First, the main processing unit 21 selects one of three-dimensional chromatogram data files created for each of a plurality of samples, and reads it from the storage unit 22 (step S1). And with respect to this selected three-dimensional chromatogram, the max plot drawing part 31 plots the maximum intensity | strength of each holding time in the predetermined wavelength range which the user set, and produces a two-dimensional chromatogram (step S2). . As a result, a two-dimensional chromatogram (max plot) obtained by projecting the three-dimensional chromatogram onto a plane including the time axis and the intensity axis can be obtained (FIG. 2B). Here, the wavelength range for creating the max plot can be appropriately selected by the user according to the components that can be included in the sample. Also, when using a liquid chromatograph and an organic buffer such as formic acid or acetic acid as the mobile phase, absorption by the mobile phase occurs in the short wavelength region, so avoid the short wavelength region in this case. Is preferred.
When drawing the max plot, as described above, plot the maximum intensity at each time in the predetermined wavelength range, but the average value of the intensity in the vicinity of the wavelength showing the maximum intensity for the purpose of noise removal etc. May be plotted.
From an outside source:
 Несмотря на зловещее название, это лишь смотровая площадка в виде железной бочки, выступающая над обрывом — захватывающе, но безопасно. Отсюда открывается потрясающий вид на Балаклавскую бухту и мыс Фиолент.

  In step S3, each peak appearing in the two-dimensional chromatogram created in step S2 is detected by the peak information acquisition unit 32, and its retention time (peak top time) and peak intensity (peak area and / or peak height, etc.). Is acquired.
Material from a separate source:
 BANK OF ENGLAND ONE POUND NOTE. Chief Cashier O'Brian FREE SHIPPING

  In step S4, a two-dimensional graph (spectrum waveform shown in FIG. 2 (c)) is cut out for each holding time acquired in step S3 from the three-dimensional chromatogram read out in step S1, and a pole information acquisition unit is extracted. 33 obtains the wavelength at which the intensity is maximum in the two-dimensional graph (hereinafter referred to as “maximum wavelength”). The results obtained in step S3 and step S4 are listed by the first peak list creation unit 34, and a first peak list having information on the retention time and maximum wavelength of each peak as shown in FIG. It is created (step S5). In the first peak list shown in FIG. 4A, in addition to the retention time (second column) and the maximum wavelength (third column) of each peak, the peak intensity (fourth column) of each sample is also shown. It is described.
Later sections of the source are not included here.